Question

9. The mean value of land and buildings per acre from a sample of farms is ​$1700, with a standard deviation of ​$200. The data set has a​ bell-shaped distribution. Assume the number of farms in the sample is 73.

A. Use the empirical rule to estimate the number of farms whose land and building values per acre are between $1300 and ​$2100.

B. If 21 additional farms were​ sampled, about how many of these additional farms would you expect to have land and building values between $1300 per acre and ​$2100 per​ acre?

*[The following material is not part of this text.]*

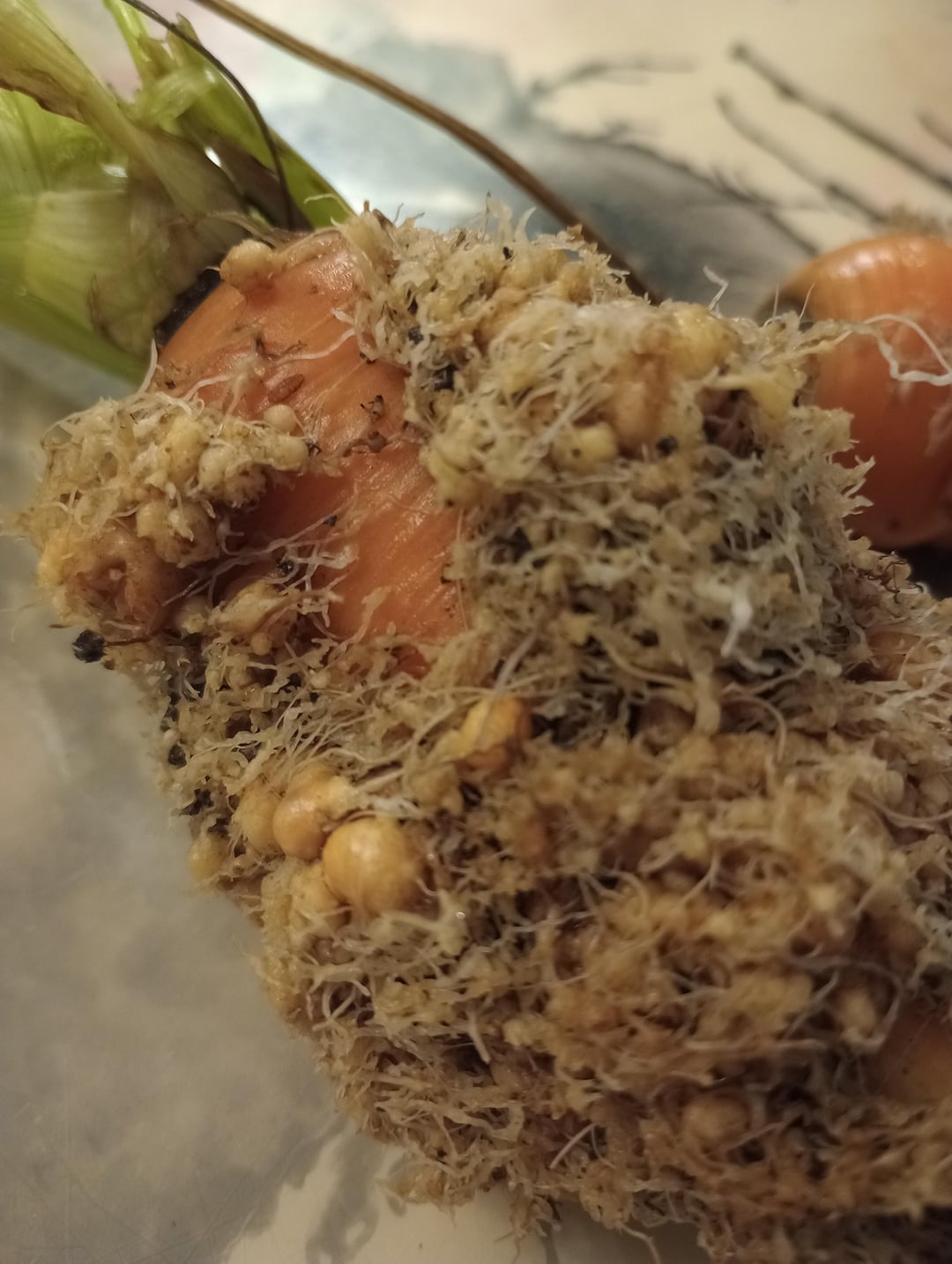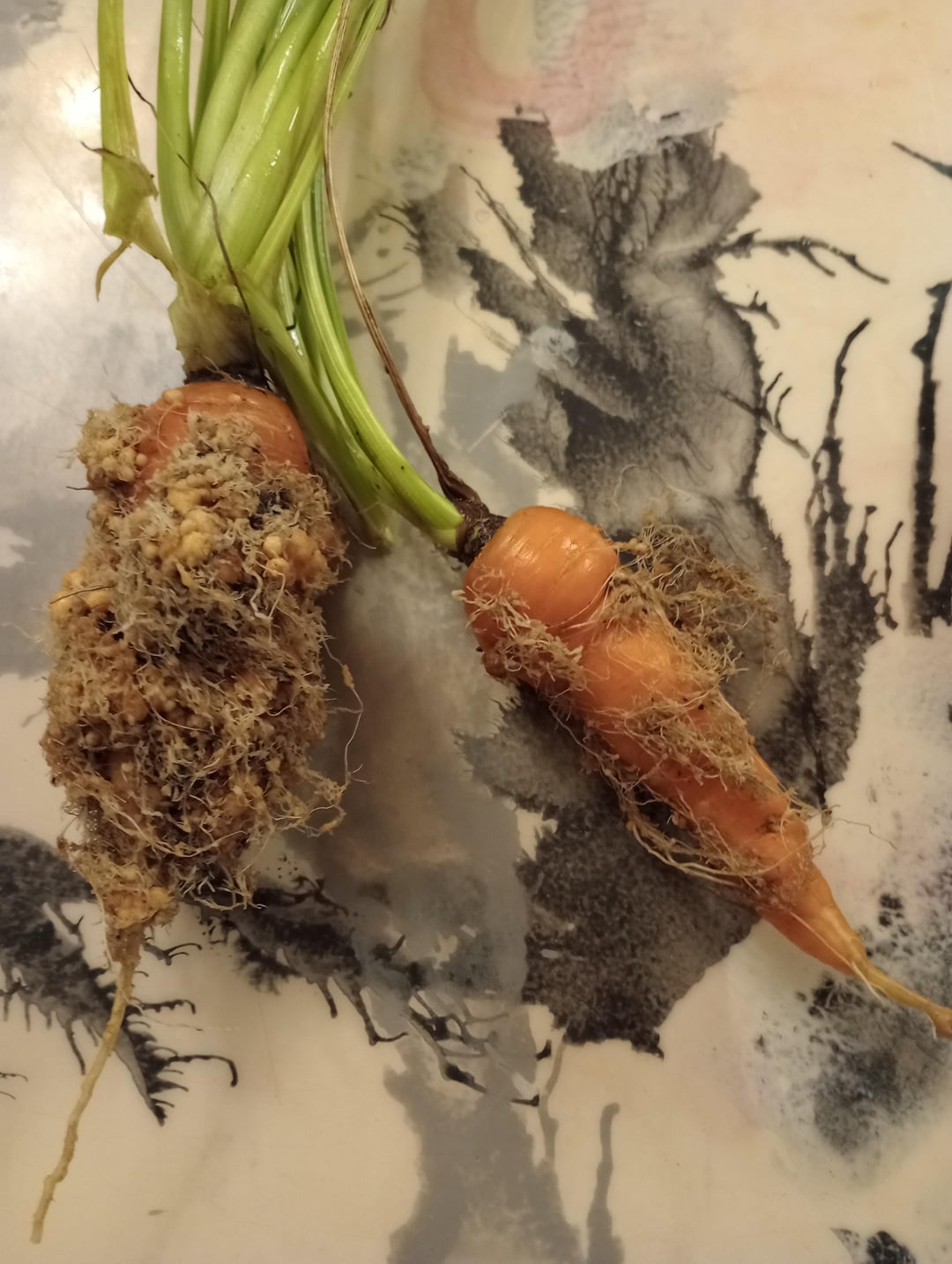 これらは私の庭で栽培されていたものですが、どうやらネコブセンチュウが蔓延しているようです。それらが何であるかを解明するために、ちょっとした科学実験をしました。結局、それらはノーザンルートコットセンチュウ(Meloidogyne hapla)であり、私の1本の非常に毛深いニンジンは研究室で卵を抽出するために使用されました。 1本の小さなニンジンから268,000個の線虫の卵が得られました。

10. From a sample with n=28​, the mean number of televisions per household is 2 with a standard deviation of 1 television. Using Chebychev's Theorem, determine at least how many of the households have between 0 and 4 televisions.

Answer 1

Solution

Back-up Theory

Empirical rule, also known as 68 – 95 – 99.7 percent rule: applicable to symmetric (bell-shaped) distributions

P{(µ - σ) ≤ X ≤ (µ + σ)} = 0.68; ..........……………………………………………………………………..………….(1a)

P{(µ - 2σ) ≤ X ≤ (µ + 2σ)} = 0.95; ...............................……………………………………………..……………….(1b)

P{(µ - 3σ) ≤ X ≤ (µ + 3σ)} = 0.997 ......................................………………………………………..……………….(1c)

i.e., Mean ± 1 Standard Deviation holds 68% of the observations; …………………………..…….....………….(1d)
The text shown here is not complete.